Outra motivação da empresa é a busca por mais mercados. “Se for para entrar na Europa, queremos já ter isso pronto”, projeta Gugel. Segundo ele, até o momento a São Salvador limitou as exportações no Velho Continente ao Reino Unido, já que a União Europeia é mais exigente.
Inovação
A participação no programa é vista pela Aquapolo como uma chance de estruturar um novo serviço. A empresa é fruto de uma parceria entre a GS Inima Industrial e a Companhia de Saneamento Básico do Estado de São Paulo (Sabesp), e fornece água de reuso para o Polo Petroquímico de Capuava e indústrias da região do ABC Paulista.
No futuro, planeja passar a vender “créditos de água”, em um formato parecido ao dos créditos de carbono. Assim, uma indústria pagaria à Aquapolo para liberar na natureza a mesma quantidade de água limpa que foi poluída na operação. Essa água nova poderia até ser utilizada pela própria empresa que comprou os créditos. “O projeto transforma porque apoia a empresa a fazer o próprio cálculo, mas tem uma metodologia validada”, afirma Márcio José, diretor-presidente da Aquapolo Ambiental.

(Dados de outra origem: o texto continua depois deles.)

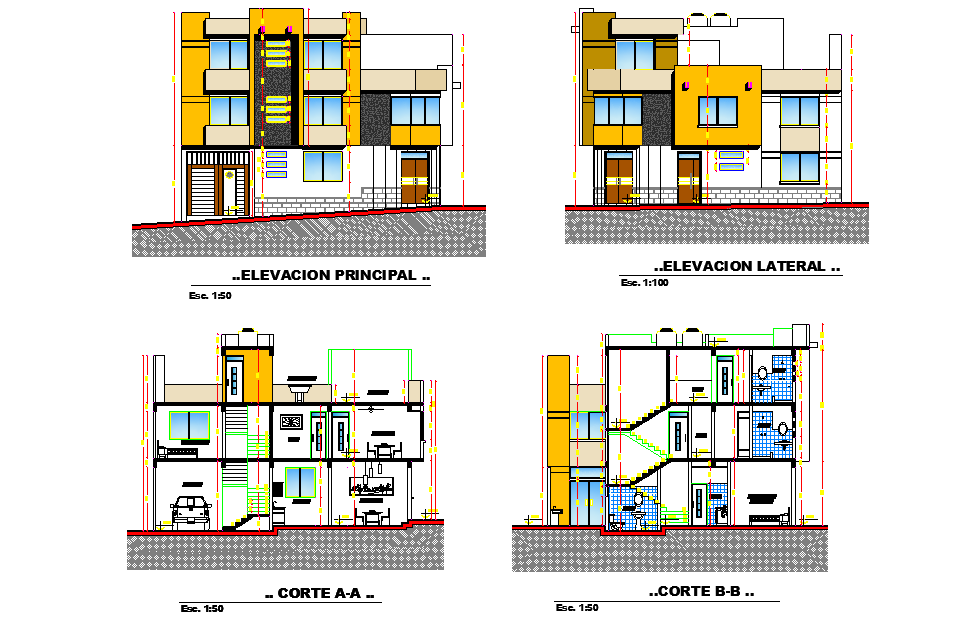 Elevation and section house plan autocad file, front elevation detail, side elevation detail, section A-A’ detail, section B-B’ detail, diemnsion detail, stair detail, car parking detail, furniture detail in toilet detail, etc.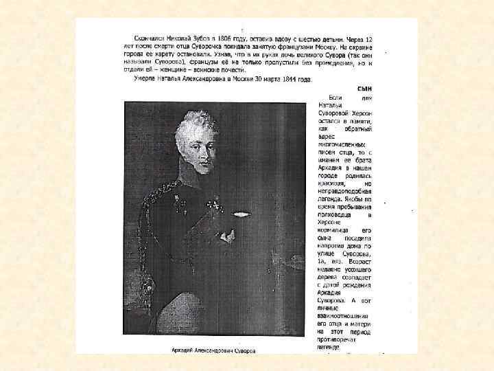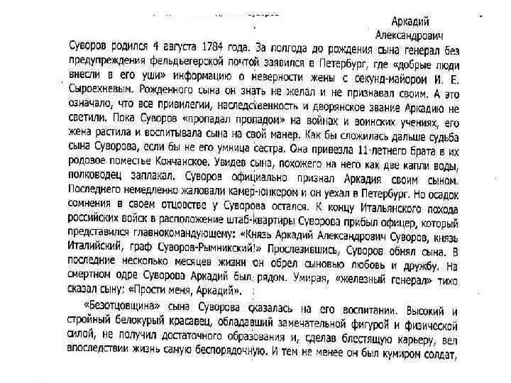 Сын выдающегося полководца Александра Васильевича Суворова Аркадий родился в 1784 г. До 11 лет он жил у матери, а затем был назначен камерюнкером к великому князю Константину Павловичу. Когда началась италийская, Павел 1 отправил Аркадия в чине генерал- адъютанта к отцу А. В. Суворову. В боевых походах и схватках пятнадцатилетний мальчик проявил смелость и отвагу. Военные способности и фкомпанияамилия Суворова способствовали успешной военной карьере Аркадия. В 1809 году он уже командовал дивизией. Но во время русско-турецкой войны в 1811 году, переправляясь через реку Рымну, где его отец А. В. Суворов одержал когда-то блестящую победу, и к его фамилий прибавили приставку Рымникский, Аркадий утонул, спасая солдата. Современник А. А. Суворова, принц Виртембергский так охарактеризовал Аркадия: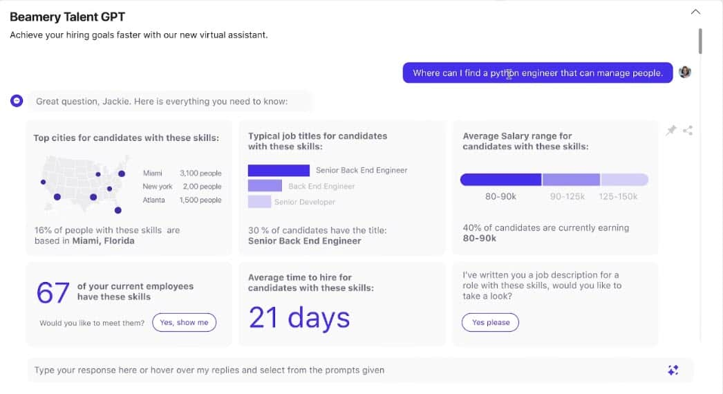 试想你正在寻找一名软件工程师,并给TalentGPT(Beamery 的名字)提出要求,随后系统会提出一系列问题以优化你的请求。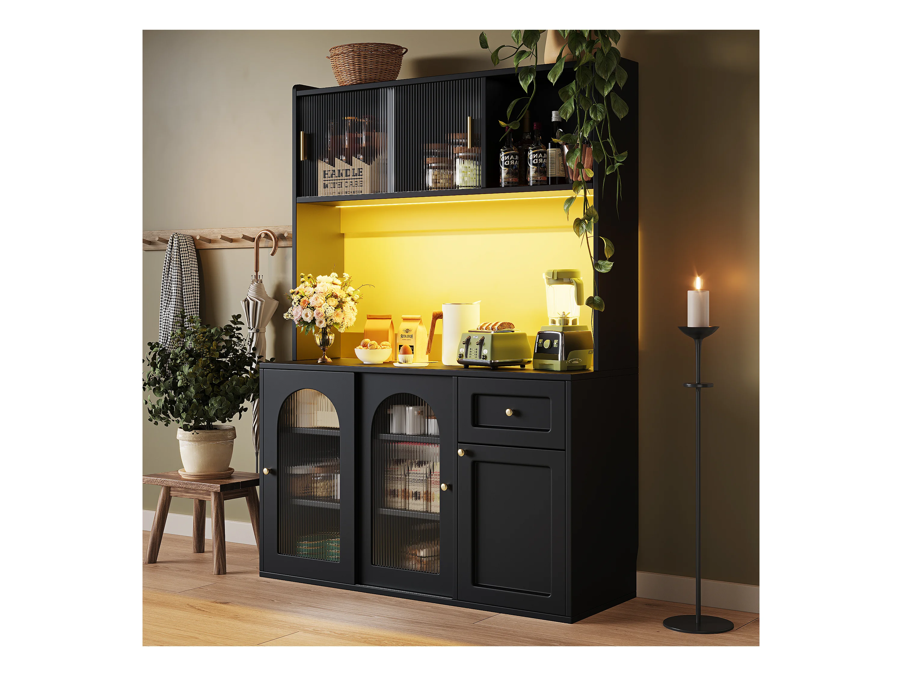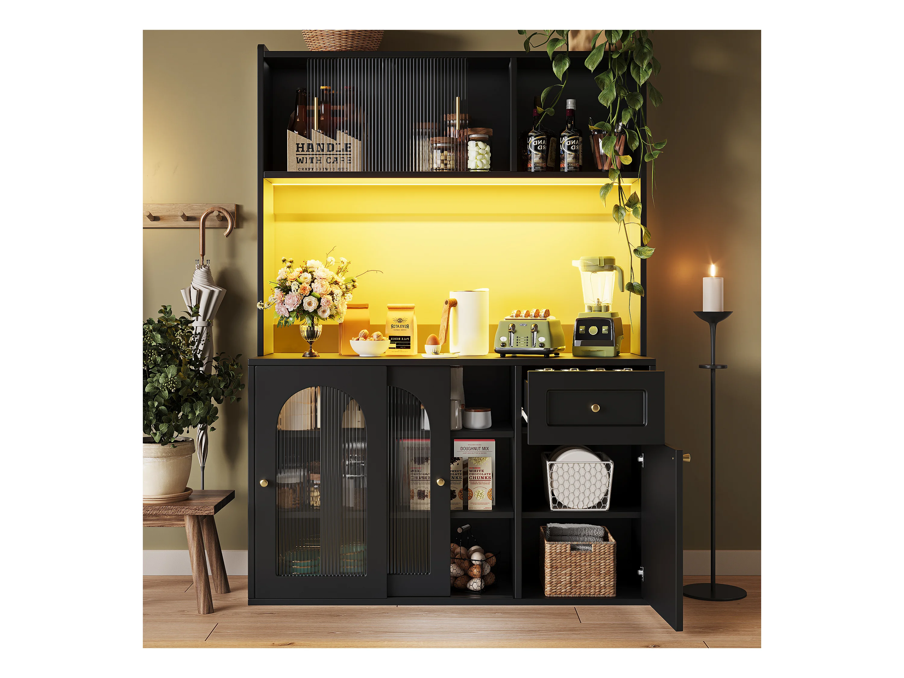 Buffet cuisine haut - 120 x 35 x 167 cm - avec étagères réglables + 3 portes + 1 tiroirs + Leds - MDF + PB - noir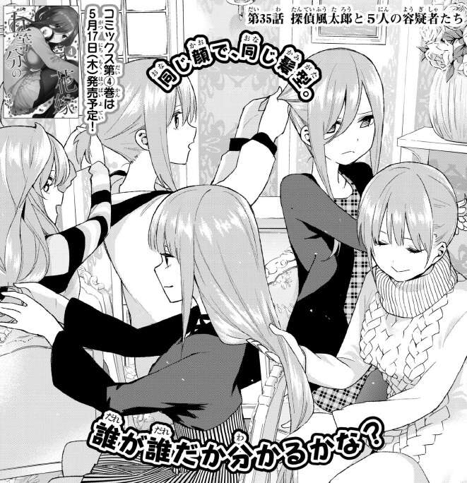 第35話です。この並びは一花、二乃、五月、四葉、三玖の順でしょうか?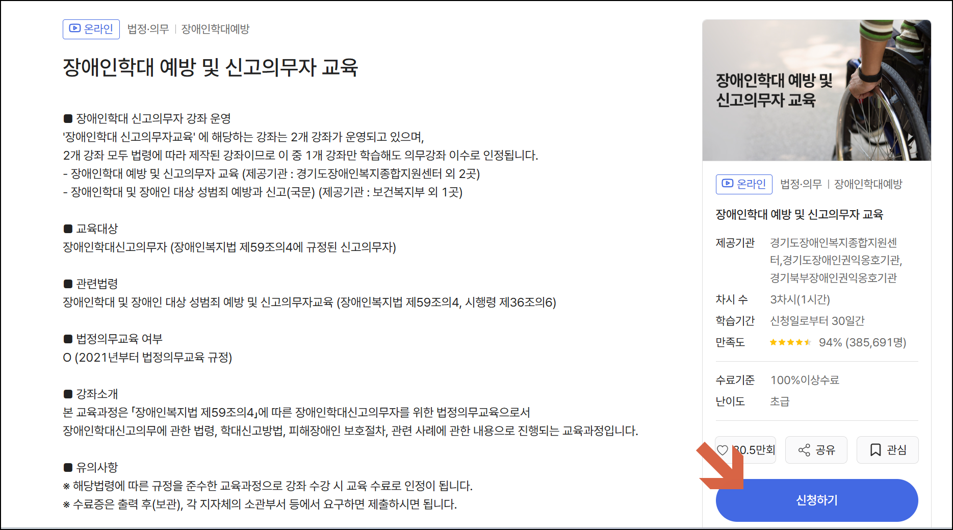 법정 의무교육 신청 안내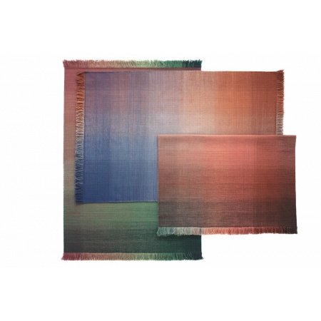 La collection Shade s'inspire des moments magiques de la nature où les couleurs se fondent et parlent d'elles-mêmes. Le designer Begüm Cana Özgür souligne: qu'«il s'agit d'un tapis tissé à la main qui génère une diffusion de couleur incroyable et bien équilibrée. La surface libère un sentiment de tranquillité et de bien-être qui est équilibré par la vibration pénétrante des couleurs. » Cette collection d'une simplicité exquise reflète un processus technique complexe pour atteindre la densité, la régularité et la fluidité de l'effet souhaité. Deux gradients convergent dans chaque tapis, un vertical et un horizontal, dans le même plan, en utilisant harmonieusement six teintes de transition. L'ombre est disponible en quatre palettes ombrées: du turquoise à l'aubergine, du roux au bleu Klein, de la framboise au vert forêt et du gris au grenat brunâtre. Dimensions: L200 cm x L300 cm. Couleur: Palette 1. Designer: Begüm Cana Özgür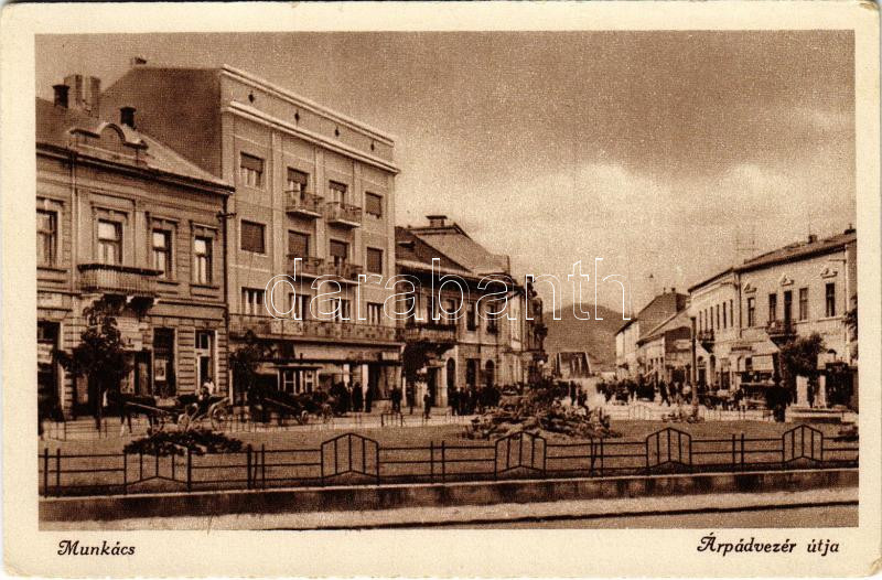 Munkács, Mukacheve, Mukachevo, Mukacevo; Árpádvezér útja / street view... https://www.darabanth.com/de/444-Fernauktion/444.0/Ansichtskarten/Karpatenukraine~2000008/Munkacs-Mukacheve-Mukachevo-Mukacevo-Arpadvezer-utja-street-view-EK~II2932680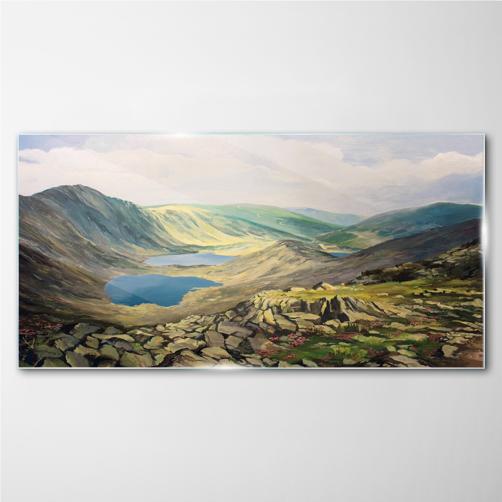 Tablou sticla Peisaj montan cu un lac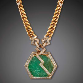 in oro giallo 18kt, composta da catena a maglia groumette e pendente di cm 4x4,5, con grande smeraldo centrale inciso e diamanti taglio carré e baguette per ct 6 circa, firmata "Faraone", punzone 750, lungh. cm 41, gr. 99. Corredata di astuccio.

Para Márcio, ter um planejamento específico também ajudará a Aquapolo a atingir as metas ambientais antes de começar a vender os créditos. “Até 2025 temos compromisso de zerar a pegada hídrica. O segundo passo é conhecer bem o conceito para poder adaptar e criar as metodologias de crédito”, prevê.
Nas próximas edições do projeto, as pesquisadoras projetam atrair mais empresas e em outras formas. “Estamos pensando em outro formato, num modelo mais simplificado de análise de pegada hídrica para ter mais empresas”, conta Picoli. A nova edição deve ser realizada em 2026, após o término da atual.